Goal of the exercise:
Find the string "which" in the data, then copy every line where it is found.

Supplied material:
════════════════
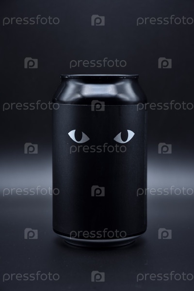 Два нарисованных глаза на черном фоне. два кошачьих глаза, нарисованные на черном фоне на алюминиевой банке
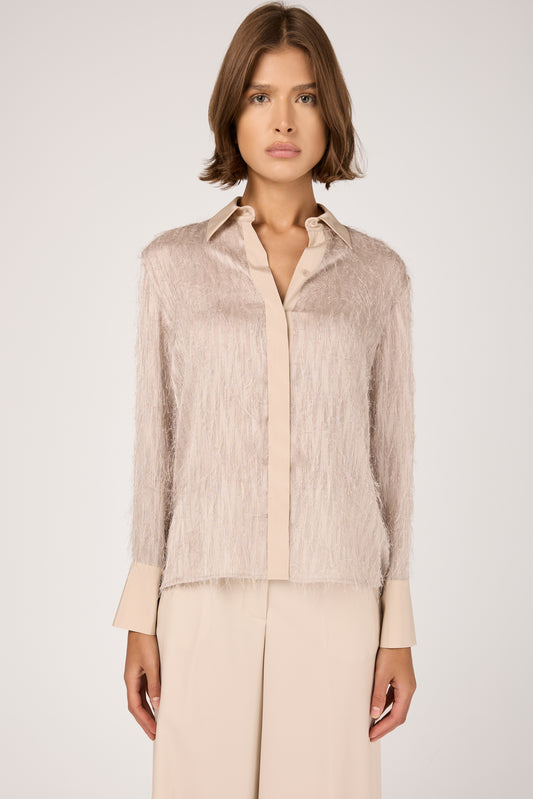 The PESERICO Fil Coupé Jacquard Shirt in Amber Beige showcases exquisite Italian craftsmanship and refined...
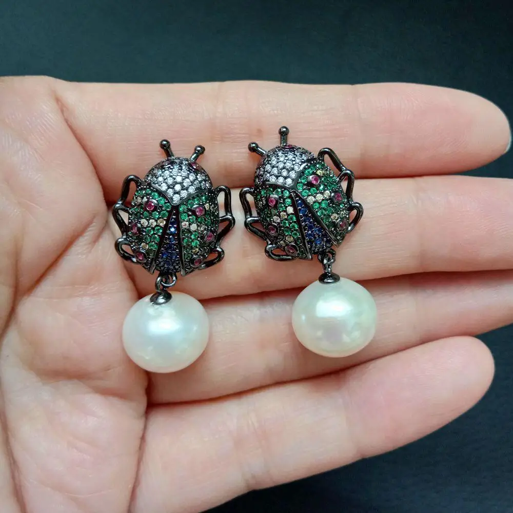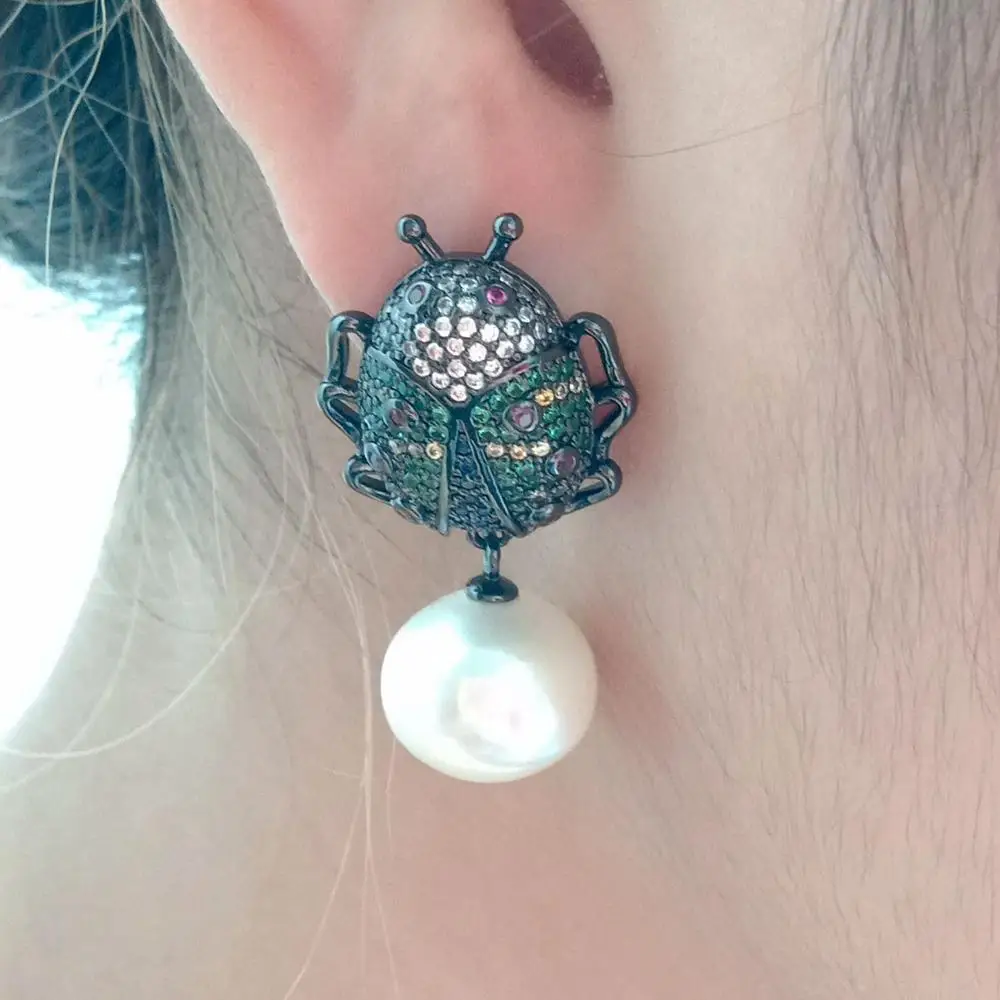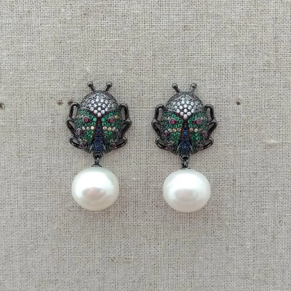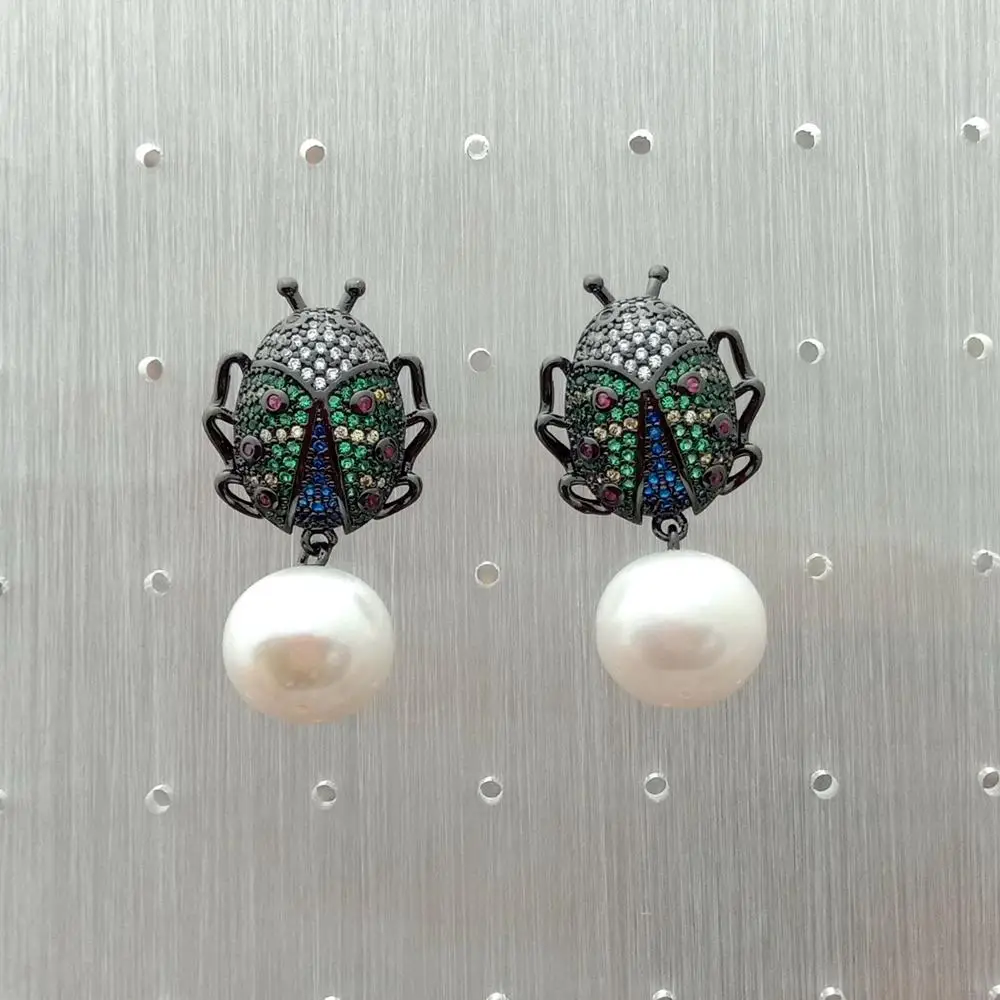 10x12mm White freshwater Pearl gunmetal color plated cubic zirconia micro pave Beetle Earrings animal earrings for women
════════════════
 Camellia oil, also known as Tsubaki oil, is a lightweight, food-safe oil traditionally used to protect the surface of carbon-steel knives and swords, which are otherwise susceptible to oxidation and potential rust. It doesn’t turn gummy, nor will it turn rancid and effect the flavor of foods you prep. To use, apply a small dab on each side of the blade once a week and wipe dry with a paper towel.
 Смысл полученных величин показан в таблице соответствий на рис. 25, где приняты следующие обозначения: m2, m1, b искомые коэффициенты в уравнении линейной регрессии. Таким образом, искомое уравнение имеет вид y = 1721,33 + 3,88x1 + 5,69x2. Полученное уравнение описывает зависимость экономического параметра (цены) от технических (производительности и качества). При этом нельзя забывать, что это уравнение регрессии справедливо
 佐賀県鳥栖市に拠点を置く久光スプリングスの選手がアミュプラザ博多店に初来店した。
════════════════
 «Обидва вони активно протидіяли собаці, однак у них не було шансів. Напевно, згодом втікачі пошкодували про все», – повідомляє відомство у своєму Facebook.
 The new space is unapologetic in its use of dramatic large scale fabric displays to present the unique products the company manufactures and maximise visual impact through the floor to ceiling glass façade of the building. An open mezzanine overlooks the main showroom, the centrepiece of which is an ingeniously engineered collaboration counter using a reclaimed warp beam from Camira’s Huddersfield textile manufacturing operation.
════════════════
Task output:
 Camellia oil, also known as Tsubaki oil, is a lightweight, food-safe oil traditionally used to protect the surface of carbon-steel knives and swords, which are otherwise susceptible to oxidation and potential rust. It doesn’t turn gummy, nor will it turn rancid and effect the flavor of foods you prep. To use, apply a small dab on each side of the blade once a week and wipe dry with a paper towel.
 The new space is unapologetic in its use of dramatic large scale fabric displays to present the unique products the company manufactures and maximise visual impact through the floor to ceiling glass façade of the building. An open mezzanine overlooks the main showroom, the centrepiece of which is an ingeniously engineered collaboration counter using a reclaimed warp beam from Camira’s Huddersfield textile manufacturing operation.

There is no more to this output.